The 10% improvement is due to the every cache has sheaves.
When I tested 256-byte objects, default sheaf_capacity is 26, allocating and
freeing 32 objects did not show a noticeable difference, but allocating and
freeing 128 objects resulted in a significant improvement, about 3-4x in a 
multithreaded environment.  about 12% improvement in single thread.

>  
> > I'm thinking that maybe these improvements may not be significant enough to
> > see the effect in the io flow.
> > Using a simple list seems to be the most efficient approach.
> 
> I think the question is, what improvement do you now see with your added
> pcpu cache vs kmalloc() when 7.0-rc4 is used as the baseline?

On 7.0-rc4, pcpu get 1.20M IOPS , kmalloc get 1.19M IOPS, new cache with set sheaf_capacity 256, 1.19M IOPS
On 6.19, pcpu get 1.20M IOPS,  kmalloc get 1.17M IOPS, new cache with set sheaf_capacity 256, 1.19M IOPS.

> 
> Thanks,
> Vlastimil
> 
> > Thanks.
> > Fengnan.
> > 
> >> 
> >> If it doesn't provide any performance improvment, then I suspect
> >> that Vlastimil will be interested to find out why....
> >> 
> >> Also, if it does work, it is likely the bioset mempools (which are
> >> slab based) can be initialised similarly, removing the need for
> >> custom per-cpu free lists in the block layer, too.
> >> 
> >> -Dave.
> >> 
> >> > 
> >> > v3:
> >> > kmalloc now is called outside the get_cpu/put_cpu code section.
> >> > 
> >> > v2:
> >> > Factor percpu cache into common code and the iomap module uses it.
> >> > 
> >> > v1:
> >> > https://lore.kernel.org/all/20251121090052.384823-1-guzebing1612@gmail.com/
> >> > 
> >> > Tested-by: syzbot@syzkaller.appspotmail.com
> >> > 
> >> > Suggested-by: Fengnan Chang <changfengnan@bytedance.com>
> >> > Signed-off-by: guzebing <guzebing1612@gmail.com>
> >> > ---
> >> >  fs/iomap/direct-io.c | 133 ++++++++++++++++++++++++++++++++++++++++++-
> >> >  1 file changed, 130 insertions(+), 3 deletions(-)
> >> > 
> >> > diff --git a/fs/iomap/direct-io.c b/fs/iomap/direct-io.c
> >> > index 5d5d63efbd57..4421e4ad3a8f 100644
> >> > --- a/fs/iomap/direct-io.c
> >> > +++ b/fs/iomap/direct-io.c
> >> > @@ -56,6 +56,130 @@ struct iomap_dio {
> >> >          };
> >> >  };
> >> >  
> >> > +#define PCPU_CACHE_IRQ_THRESHOLD        16
> >> > +#define PCPU_CACHE_ELEMENT_SIZE(pcpu_cache_list) \
> >> > +        (sizeof(struct pcpu_cache_element) + pcpu_cache_list->element_size)

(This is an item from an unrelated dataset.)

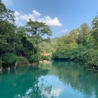 大七孔的路只有一条,沿着入口直走,或者你可以选择坐船,一个人20,也不算贵。我们选择的是先自己步行一程,等回来的时候在坐船。大七孔的水单从颜色上看是比小七孔逊色不少的,但是其余方面我觉得完胜小七孔。

> >> > +#define PCPU_CACHE_ELEMENT_GET_HEAD_FROM_PAYLOAD(payload) \
> >> > +        ((struct pcpu_cache_element *)((unsigned long)(payload) - \
> >> > +                                       sizeof(struct pcpu_cache_element)))

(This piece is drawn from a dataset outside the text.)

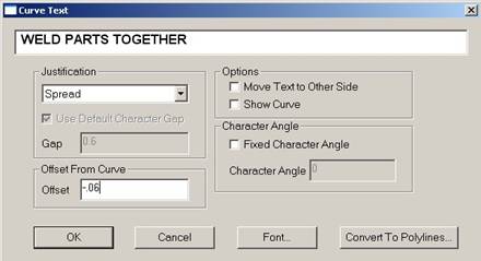 In the above example the polyline was selected and the font followed the curve. However the font is just above the line. In the following example the font was lowered so that the bottoms of the individual letters were just below the curve. With the letters touching a closed polygon it is a simple step to Weld the letters so that there is a continuous line running around the part.

> >> > +#define PCPU_CACHE_ELEMENT_GET_PAYLOAD_FROM_HEAD(head) \
> >> > +        ((void *)((unsigned long)(head) + sizeof(struct pcpu_cache_element)))
> >> > +
> >> > +struct pcpu_cache_element {
> >> > +        struct pcpu_cache_element        *next;
> >> > +        char        payload[];
> >> > +};
> >> > +struct pcpu_cache {
> >> > +        struct pcpu_cache_element        *free_list;
> >> > +        struct pcpu_cache_element        *free_list_irq;
> >> > +        int                nr;
> >> > +        int                nr_irq;
> >> > +};
> >> > +struct pcpu_cache_list {
> >> > +        struct pcpu_cache __percpu *cache;
> >> > +        size_t element_size;
> >> > +        int max_nr;
> >> > +};
> >> > +
> >> > +static struct pcpu_cache_list *pcpu_cache_list_create(int max_nr, size_t size)
> >> > +{
> >> > +        struct pcpu_cache_list *pcpu_cache_list;
> >> > +
> >> > +        pcpu_cache_list = kmalloc(sizeof(struct pcpu_cache_list), GFP_KERNEL);
> >> > +        if (!pcpu_cache_list)
> >> > +                return NULL;
> >> > +
> >> > +        pcpu_cache_list->element_size = size;
> >> > +        pcpu_cache_list->max_nr = max_nr;
> >> > +        pcpu_cache_list->cache = alloc_percpu(struct pcpu_cache);
> >> > +        if (!pcpu_cache_list->cache) {
> >> > +                kfree(pcpu_cache_list);
> >> > +                return NULL;
> >> > +        }
> >> > +        return pcpu_cache_list;
> >> > +}
> >> > +
> >> > +static void pcpu_cache_list_destroy(struct pcpu_cache_list *pcpu_cache_list)
> >> > +{
> >> > +        free_percpu(pcpu_cache_list->cache);
> >> > +        kfree(pcpu_cache_list);
> >> > +}
> >> > +
> >> > +static void irq_cache_splice(struct pcpu_cache *cache)
> >> > +{
> >> > +        unsigned long flags;
> >> > +
> >> > +        /* cache->free_list must be empty */
> >> > +        if (WARN_ON_ONCE(cache->free_list))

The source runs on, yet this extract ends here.